If I could ditch the computer altogether, I'd do so in a heartbeat. Unfortunately, to do my job, fulfill errands, or to make most projects happen in the modern world I usually need access to a computer and to the internet.
Are there ways to address this problem? pg mentioned getting a computer that wasn't connected to the internet, but admitted that the strategy didn't work.
What are your strategies?
- Editing your /etc/hosts to block the worst offending sites that offer no real value
- Using tools that augment sites that are distracting but can be useful (e.g. YouTube)
- Using website blockers - I made one that uses AI to recognise what is and isn't on task 
- For me the single biggest thing is changing my physical environment for better habits. E.g. coffee shops and coworking spaces aren't the best for focused work but they at least make me more consciously aware that I should be working and not wasting time on distractions. Obviously you are in an office this may be difficult to change though.
The deepmode extensions sounds great. But how does it know, what I am supposed to be working on? And how does it handle context switches? For example programming, then literature research.
You set a task description on the extension's popup page and then this gets sent to the API which will figure what the relevant categories are (this doesn't always work perfectly but you can edit them yourself after).

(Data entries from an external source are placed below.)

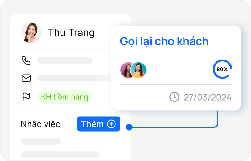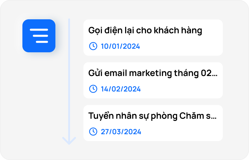 Tính năng nhắc việc giúp xây dựng và quản lý lịch trình công việc của agent, đảm bảo tiến độ công việc.
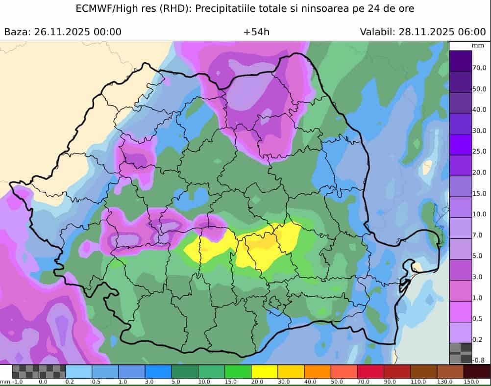 Vineri (28 noiembrie) aria ciclonică în analiză (ciclonul ADEL) rămâne deasupra Greciei, iar frontul cald (ce produce ascendența aerului cald și umed) va influența și partea de sud a României, unde va continua să plouă moderat cantitativ (în general 10…30 l/mp).
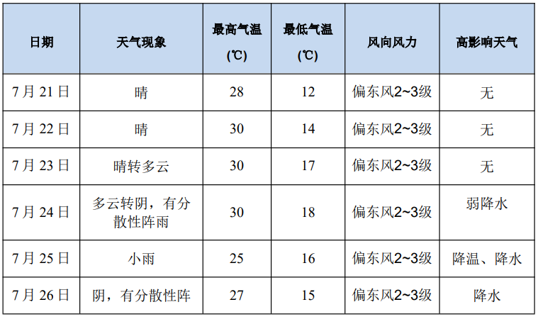 一、未来一周(7月21日-7月27日)天气趋势预报

If you want to switch contexts you can just set a new task, although if the topic is the same - e.g. machine learning both in the case of programming and literature research then you shouldn't need to.
Same issue. Now I use an website/application blocker. I set up a schedule 8:30~19:00 so that I can't access distractions during my workday, even If I wanted to! My tool of choice is focus https://heyfocus.com/?utm_source=focus_about I'm not affiliated to the developer, I just really like the app. I locked down the settings so that there's no way to undo the block while it's running: the lack of options is oddly freeing and it forces me to face the issues at hand. I also set up a night schedule 22:00~6:00 so that I don't waste a good night's sleep online (but I do cheat on that sometimes...).
Secondly, I use Adblock Plus and other plug-ins to edit out parts of websites. I removed the homepage, up next and recommendations from my youtube experience. That sidebar at the side of every article/video? Gone. I can't recommend this enough, modern webpages are exhausting to look at.
Lastly, I recommend you to edit your host file to block annoying content while browsing: https://github.com/4skinSkywalker/anti-porn-hosts-file. You can find all sorts of lists online to suit your needs. Note that the host file blocks whole websites (e.g. reddit.com), not specific pages (reddit.com/r/news/). Good luck with your effort!
I find I'm most productive by postponing heavy browser usage until later in the day. So I start by postponing mindless browsing until then. When trying to avoid distractions, I only open my browser for a specific tasks and close it when it's complete. I don't open my browser if the tasks or inquiry can be postponed until later (for me, innocent sounding inqueries often end up being time-killing hydras - postponing it keeps my priorities in check, and often my interest in the task or inquiry doesn't even survive the day (on the contrary, an unimportant inquiry or tasks can easily suck up a couple hours)). I found logging my browser usage, both time spent running and why I was using it, to be helpful too. I don't do that often though, but when I feel I've wasted too much time surfing I try and crack down.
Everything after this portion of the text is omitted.